Until 2008 the most researched and talked-about problem concerning primary elections was the so-called “front-loading problem”. “Front-loading” is a technical term unknown to the general public and of very little diffusion among political scientists. It is nevertheless largely known among those who study, analyse or were interested in the Presidential nominating process before 2008. An impressive number of scholarly works were written about this problem and it was probably the most interesting subject of research within the literature on Presidential primaries. It concerns the distribution of Presidential primary elections during the months of the so-called “primary season”. The whole point is that more and more states choose early dates to dispute their primary elections, making the Presidential nominating process a “front-loaded” process.

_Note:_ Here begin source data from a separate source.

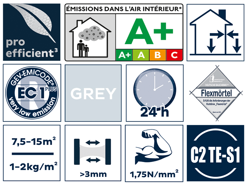 Ardaflex Ultimate übertrifft die Anforderungen nach DIN EN 12004-C2TE, DIN EN 12002-S1 sowie die der Richtlinie „Flexmörtel“. Ardaflex Ultimate ist chromatarm gemäß EU-VO 1907/2006 (REACH) sowie sehr emissionsarm nach GEV-Emicode EC1R PLUS.
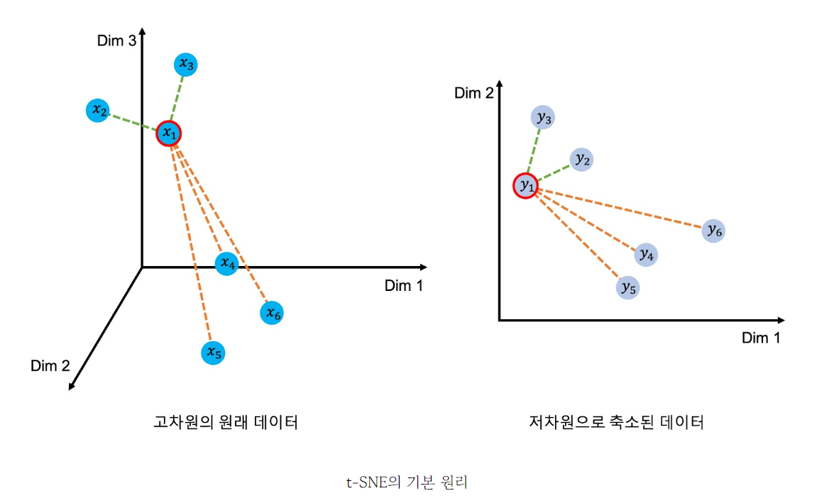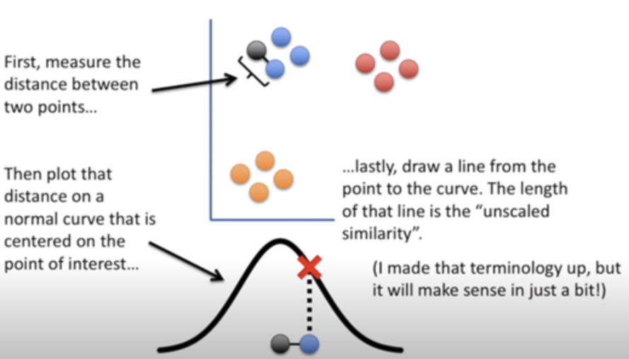 - t 분포를 이용해 하나의 기준점을 정하고 모든 다른 데이터와 거리를 구한 후 그 값에 해당하는 t 분포 값을 선택, 값이 유사한 데이터끼리 묶어줌
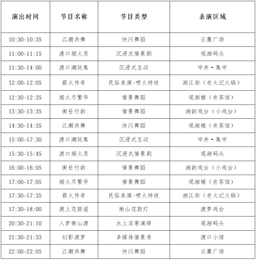 下午,衡山汇景公司组织开展衡岳竹韵情景舞蹈、渡口烟火录沉浸式情景剧、民俗表演喷火特技等活动。晚上19:00开始,在衡山渡观湘坊集合往白马坊方向,开展龙狮、皮影服装秀(老茶馆、云麓广场)巡游、表演活动,县花鼓戏剧团开展花鼓小戏、西游系列等表演,营造欢乐喜庆、吉祥如意的佳节氛围。
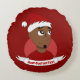 Round pillow with an illustration of happy smiling African American man with Santa Claus' hat; with editable text template; Christmas holidays design with a red background
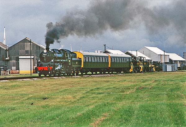 Marchwood on 19 June 1993, the occasion of the Branch Line Society’s 'The Hampshire & Sussex Explorer' Seen in this view is BR Standard 2-6-0 No.76017 with the Army's two ex-Class 501 coaches and pair of Thomas Hill shunters. The latter are recorded as being Army Nos.255 and 268 which, assuming that the numbers have been recorded correctly, is the only reference to this pair being at Marchwood. Both are carrying nameplates but which plates are not known as they remained at Marchwood and were applied/removed as locomotives came and went. The tour details make no mention of the ex-Class 501 coaches but clearly they were used. This view is believed to show the ensemble returning from Falklands Jetty via the Northern Line, after which the tour visited the Cracknore Hard branch but apparently using the main line stock.

The first state that undertook to move up its primaries was New Hampshire in 1916. The decision as to when to hold the primary elections was made during “Town Meeting Day”, probably to save some public money. In 1920, for the first time, the New Hampshire primaries opened the primary season. Very soon the great majority of citizens and politicians from New Hampshire understood that opening the primary season was a great privilege that put their state in the national spotlight and allowed it to play a prominent role in Presidential politics. Their primary at the time was held during the second Tuesday of March of a Presidential-election year. In 1971 Florida moved its primary elections to the second Tuesday of March. In response, New Hampshire anticipated its contests to the first Tuesday of March. Four years later other New England states tried to organize a “regional primary” in a bid to align their primaries with those of the Granite state. Even before this proposal became a concrete idea, New Hampshire approved a law according to which the state is required to hold its primaries at least a week before any other primary in the country. At this point no state could challenge New Hampshire’s “first-in-the-nation” primary election – although Delaware tried again in 1996, voting only 4 days after the New Hampshire primaries – but more and more states started to move their contest to early dates to maximize their influence within a process that almost always allowed candidates to lock the nomination within one or two months after the first ballot had been cast. Starting in 1968, most contests started to be disputed between the first and second months of the primary season.

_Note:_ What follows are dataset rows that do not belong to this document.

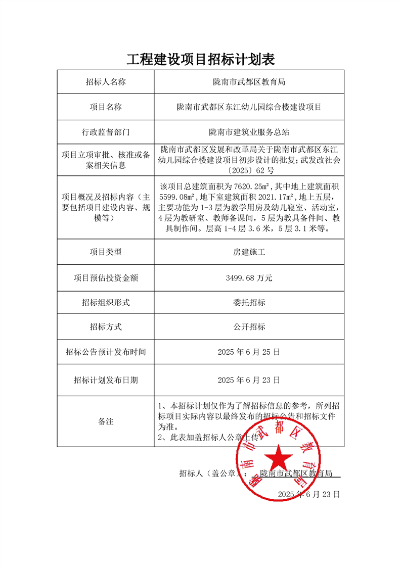 隴南市武都區(qū)東江幼兒園綜合樓建設(shè)項目
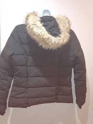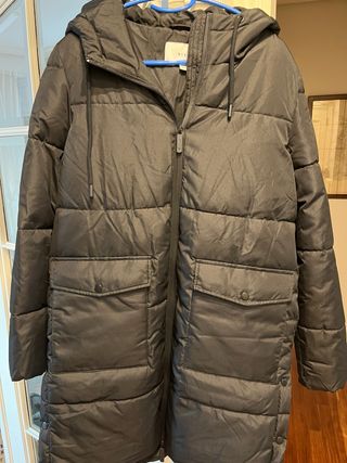 Abrigo acolchado de Zara con capucha. - Cierre de cremallera. - Bolsillos frontales con cremallera. - Detalle de pelo en la capucha.
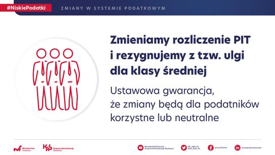 Chcemy zrezygnować z tzw. ulgi dla klasy średniej. Jednocześnie dajemy gwarancję, że zmiany będą dla podatników korzystne lub neutralne. Osoby dla których rozliczenie z tzw. ulgą dla klasy średniej okaże się bardziej opłacalne niż rozliczenie według nowego mechanizmu, będą mogły rozliczyć podatek za 2022 r. na wcześniejszych zasadach (z tzw. ulgą dla klasy średniej).
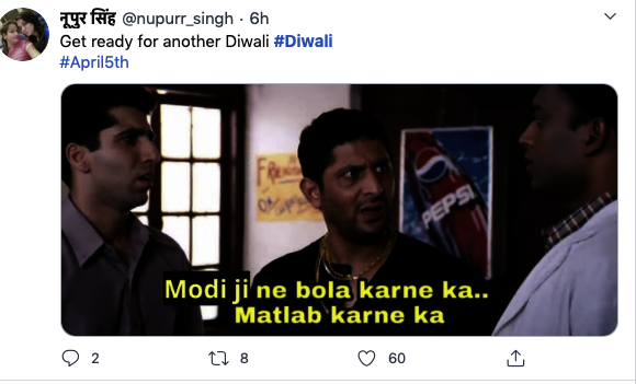 एक अन्य नुपुर सिंह नाम की यूजर एक्टर अरशद वारसी के मिम के साथ ट्वीट करती हैं, "5 अप्रैल को दूसरे दिवाली के लिए तैयार हो जाओ।"
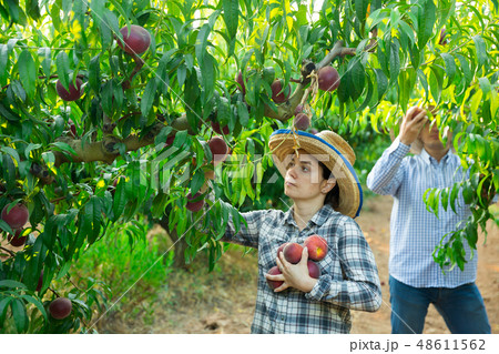 Positive woman engaged in gardening, picking fresh peaches in orchard
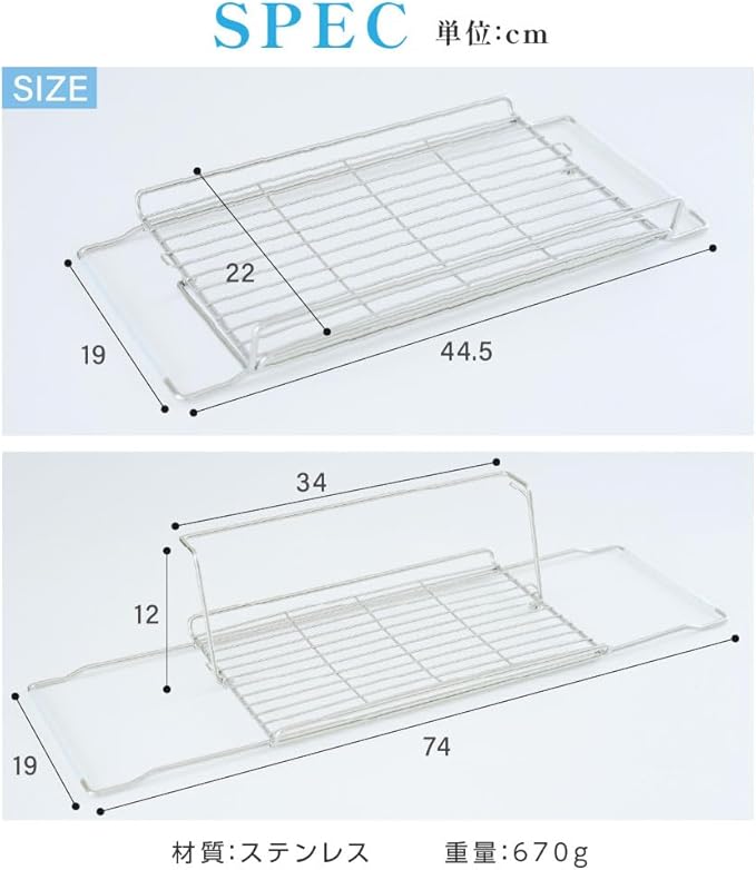 【商品仕様】サイズ(約):幅44.5~74㎝、奥行22㎝(内寸19㎝)、高さ12㎝。重量(約):0.67㎏。本体材質:ステンレス(防水・錆びに強い)。

To face the rising trend of “front-loading”, political parties – especially the Democratic party – began to adopt internal regulations concerning the seating of delegates. The history of National Conventions is full of outrageous episodes concerning the recognition and seating of delegates from state parties. The lowest point was reached right at the beginning of the Convention’s history, in 1835, when the Democratic party of Maryland decided to send 188 delegates that could cast only 10 votes, while a private citizen from Tennessee that was visiting the city of Baltimore during the Convention ended up casting his state’s 15 votes. Nothing that ridiculous has happened since then, but delegations have been challenged, recognized and sent away on a regular basis throughout the years. This year the recognition and seating problems started early, due to the way Florida and Michigan acted.
Both states, inspired by years of primary seasons during which contests were decided early, chose to move their primary elections to the very beginning of the season. On the other hand, the Democratic party, informed by years of scholarly research into the “front-loading problem”, approved a rule according to which no state is supposed to hold primary elections before February 5th. The party’s rule did not apply to New Hampshire, of course, that by now has the divine right to hold its primary before everybody else, but also to Nevada and South Carolina, who were granted special permission to hold their primaries before February 5th for political reasons. Michigan and Florida wanted to challenge what they perceived as the Democratic party’s tyranny and held their contests before the “legal” date. To punish their insurrection, the party threatened not to seat delegates from these two states. It was then decided last Saturday that delegates will be seated, but will be casting only half a vote each.
Now that the whole issue should be more clear, we can focus on the irony of the story: Michigan and Florida ended up losing at least half of their influence in this year’s Democratic Presidential nomination to vote before others, in a contest that will end without a clear decision, where states voting late got more attention from candidates and the media than states voting early. Meanwhile, the Democratic party continues to tear itself apart and sacrifice its unity to implement a rule that is thought to fight “front-loading”, a problem that this year is THE inexistent problem.